- _Exercise directions_
Write out only the lines from the line containing "Le fauteuil Valentin, en" to the end of the listing below, both included, exactly as they stand. Drop the pictures.

- _Given data_

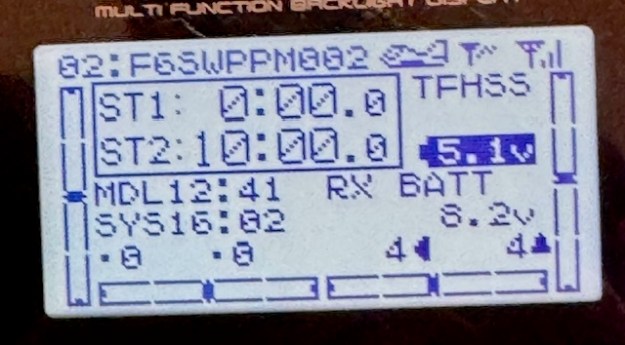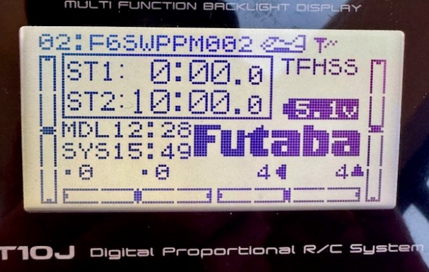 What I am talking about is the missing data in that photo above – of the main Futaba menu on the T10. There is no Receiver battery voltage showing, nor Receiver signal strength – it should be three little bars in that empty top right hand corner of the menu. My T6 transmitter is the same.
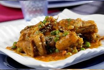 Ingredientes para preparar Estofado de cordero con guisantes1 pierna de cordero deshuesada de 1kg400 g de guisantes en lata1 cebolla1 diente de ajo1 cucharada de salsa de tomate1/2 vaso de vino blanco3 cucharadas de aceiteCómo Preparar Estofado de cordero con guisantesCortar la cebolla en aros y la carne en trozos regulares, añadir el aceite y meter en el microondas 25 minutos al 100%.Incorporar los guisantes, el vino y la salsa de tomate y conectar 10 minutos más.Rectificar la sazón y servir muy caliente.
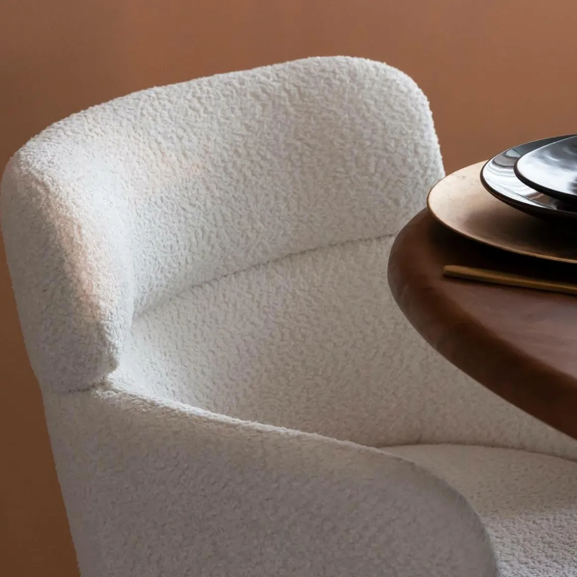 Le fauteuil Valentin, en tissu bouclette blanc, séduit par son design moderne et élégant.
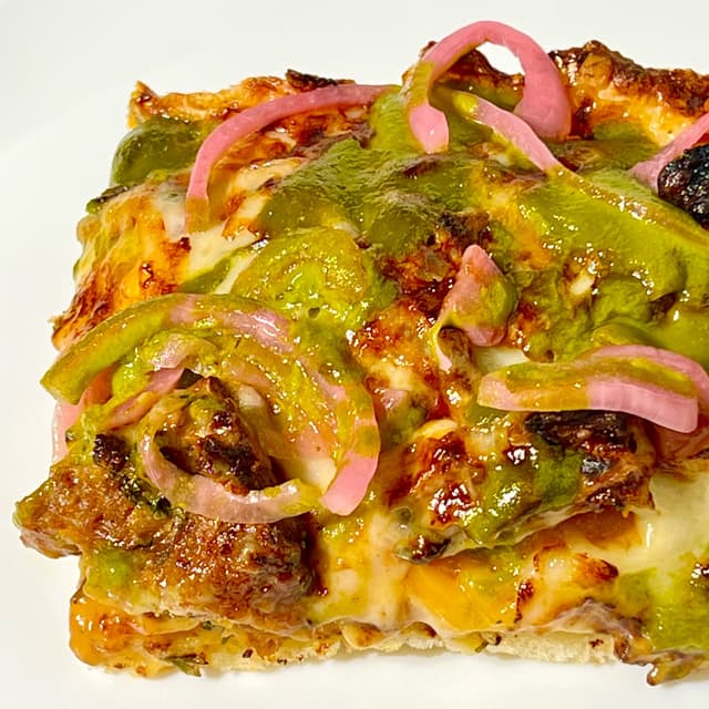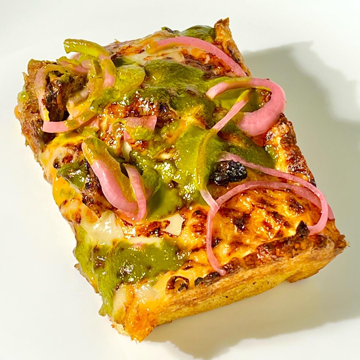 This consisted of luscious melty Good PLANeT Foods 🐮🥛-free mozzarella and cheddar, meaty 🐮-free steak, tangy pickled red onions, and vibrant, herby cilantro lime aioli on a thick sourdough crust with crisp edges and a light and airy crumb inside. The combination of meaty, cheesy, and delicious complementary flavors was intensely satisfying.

- _Result of this exercise_
 Le fauteuil Valentin, en tissu bouclette blanc, séduit par son design moderne et élégant.
 This consisted of luscious melty Good PLANeT Foods 🐮🥛-free mozzarella and cheddar, meaty 🐮-free steak, tangy pickled red onions, and vibrant, herby cilantro lime aioli on a thick sourdough crust with crisp edges and a light and airy crumb inside. The combination of meaty, cheesy, and delicious complementary flavors was intensely satisfying.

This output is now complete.